A few things to note here. First, honestly, how often are you justified in writing a six-deep nested loop? Not very often, so let’s take the opportunity while we’ve got it!
Second, a great many of these lookup conditions are impossible. In Life you cannot get into a situation where the middle cell of a triplet has seven living neighbours that are not left or right, AND left and right both have zero living neighbours other than the middle. Who cares? These two tables take up 12KB of memory, total. We can waste some. And the cost of doing the unnecessary calculations is only paid once, at startup.
Moreover, in Stafford’s original implementation he went even further and did not bother to pull out the twelve bits for the key; he just precomputed the entire triplet-to-triplet function and made a table with 65536 entries. Why do any bit twiddling at all?
Anyway, we can now replace the entire inner loop of the first pass with:
int key1 = triplets[tx, y].LookupKey1; if (TripletLookup.changed[key1]) { triplets[tx, y] = TripletLookup.lookup[key1]; currentChanges.Add((tx, y)); }
So much nicer to read, and much faster.
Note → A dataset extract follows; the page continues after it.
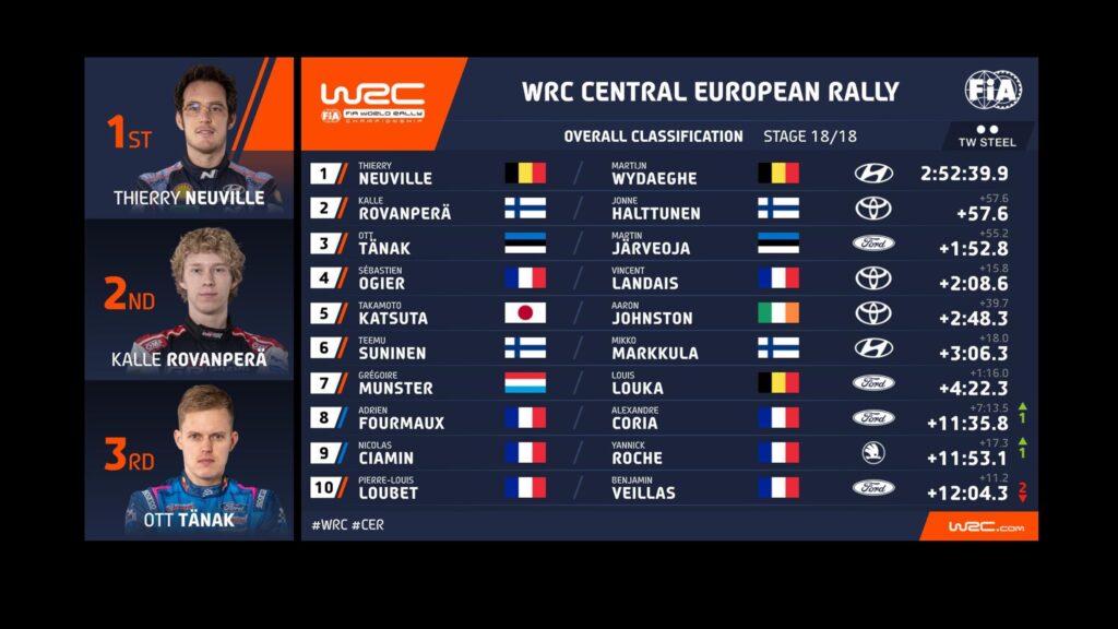 WRC - Rallye d'Europe Centrale : Neuville vainqueur, 2ème titre pour Rovanperä
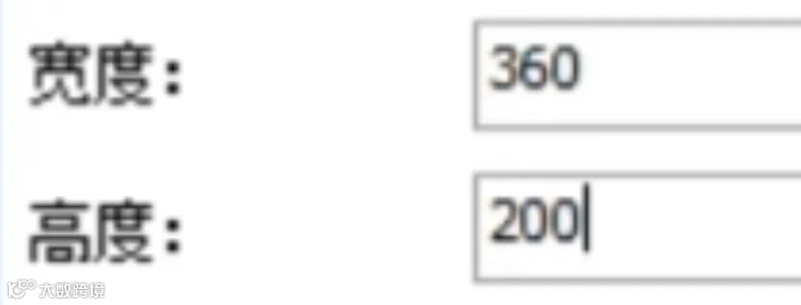 调整它的宽度为360,高度为200,也可根据实际情况进行不同的设置。

Let’s once again run 5000 generations of acorn on an 8-quad:
Algorithm time(ms) ticks size(quad) megacells/s Naïve (Optimized): 4000 5K 8 82 Abrash 550 5K 8 596 Abrash w/ changes 190 5K 8 1725 Abrash, O(c) 240 5K 8 1365 Stafford v1 340 5K 8 963 Stafford v2 210 5K 8 1560
We are back in business! We have a three-cells-per-short O(c) algorithm that beats the one-cell-per-byte O(c) algorithm and is within striking distance of beating the “copy the array every time” version.
Aside: I told a small fib earlier in this episode; did you catch it?
Give that some thought and then scroll down.
.
.
.
.
.
.
.
…we can move the vast majority of the bit twiddling backwards in time to before the algorithm runs the first step.
I put my fib in boldface for added foolery.
When exactly does the lookup initialization happen? I worked on the compiler team and the language design team and I still always have to double-check Jon’s page on the subject whenever it comes up.
Since we have a static class with a static constructor, the static constructor will run when a member is accessed for the first time; we are not using the “relaxed” semantics. That means: the cost of precomputing the tables is incurred during the first call to Step, not before. This could make a difference to our performance metrics!
It does not, because when I collected those metrics I ensured that Step had already been called at least once before I started the stopwatch. But I had to know to do that.
Incidentally, the purpose of the “relaxed” semantics is to allow the initialization of the static fields to happen when the first method that accesses those fields is jitted. That way the jitter does not have to emit code to ensure that the fields are initialized; it just initializes them and then it knows they are initialized! I’ve always found it a little ironic that the “relaxed” semantic means that the jitter gets more eager about calling the initializers early. More eagerness seems like an odd thing to characterize as “relaxed”.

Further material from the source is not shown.